Projects are for the 'Doing Phase' of a task; Custom GPTs are for the 'Productization Phase' of a workflow.— AI Productivity Hub Editorial Team

The 60-Second Decision Matrix

After building 40+ of these, here is my shortcut. If you need a tool that you will use once a week for the next six months (like a monthly reporting bot), build a Custom GPT. The setup time is worth the long-term stability. If you are working on a specific deliverable that will be finished in two weeks (like a product launch or a board deck), start a Project. Don't waste time configuring a GPT for a temporary goal. The ability to dump 50 files into a Project and start chatting immediately is a massive speed advantage that GPTs simply cannot match due to the configuration overhead.

Don't ignore the mobile experience either. As of our latest testing, Custom GPTs are much easier to trigger via the mobile app's 'Explore' tab. Projects are buried deeper in the UI, making it a clunky experience for the on-the-go professional. If your workflow involves voice-to-text brainstorming while driving or walking, stick to a Custom GPT. If you're sitting at a desk with three monitors, the Project sidebar will be your best friend.

What to try this week

To get a feel for the difference, take one of your current messy PDF folders—maybe your last 5 insurance policies or a collection of 10 research papers. Create a Project, upload them all, and ask for a summary. Then, try to do the same by building a Custom GPT. You will notice immediately that the Project environment feels more 'aware' of the collection as a whole, whereas the GPT feels like it's reading one document at a time through a straw. Use the Project for that deep dive, then delete it when you're done. Efficiency isn't just about using AI; it's about using the right container for your data.

Key takeaways

  • Use Projects for collaborative synthesize of 10-50 documents.
  • Use Custom GPTs when you need to connect to Slack, Zapier, or external APIs.
  • Projects require a Team or Enterprise subscription; GPTs are available to Plus users.
  • Custom GPTs are better for rigid 'Personas' and long-term standardized tools.

About the author

AI Productivity Hub Editorial Team

Our editorial team combines operators, engineers and reporters who use AI tools in their own daily work. Every article is written by a named human on our team and reviewed by a second editor before it ships. Meet the full team on our about page.

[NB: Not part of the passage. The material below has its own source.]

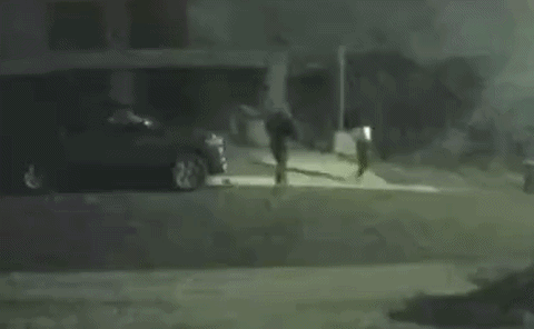 他们从一辆深色SUV下车,走向老人家门口,触发了门前感应灯。

Published June 16, 2026 · Reviewed by Rayan Imop, Managing Editor

Frequently asked questions

Can I convert a Project into a Custom GPT?

Not directly. You have to manually copy the instructions and re-upload the files. There is no 'export to GPT' button in 2026.

Do Projects count towards the same usage limits as GPT-4o?

Yes, but Team/Enterprise users have significantly higher caps, making Projects ideal for heavy document processing.

Can a Project access the web?

Yes, Projects can use the standard browsing tool, but they cannot use the specialized 'Actions' found in Custom GPTs.

Which is better for coding?

Projects are superior for entire codebases (multi-file context), while Custom GPTs are better for single-purpose coding utilities.

Is my data safer in a Project?

Technically yes, as Projects are intrinsically locked to your organization's workspace and excluded from training on Enterprise plans.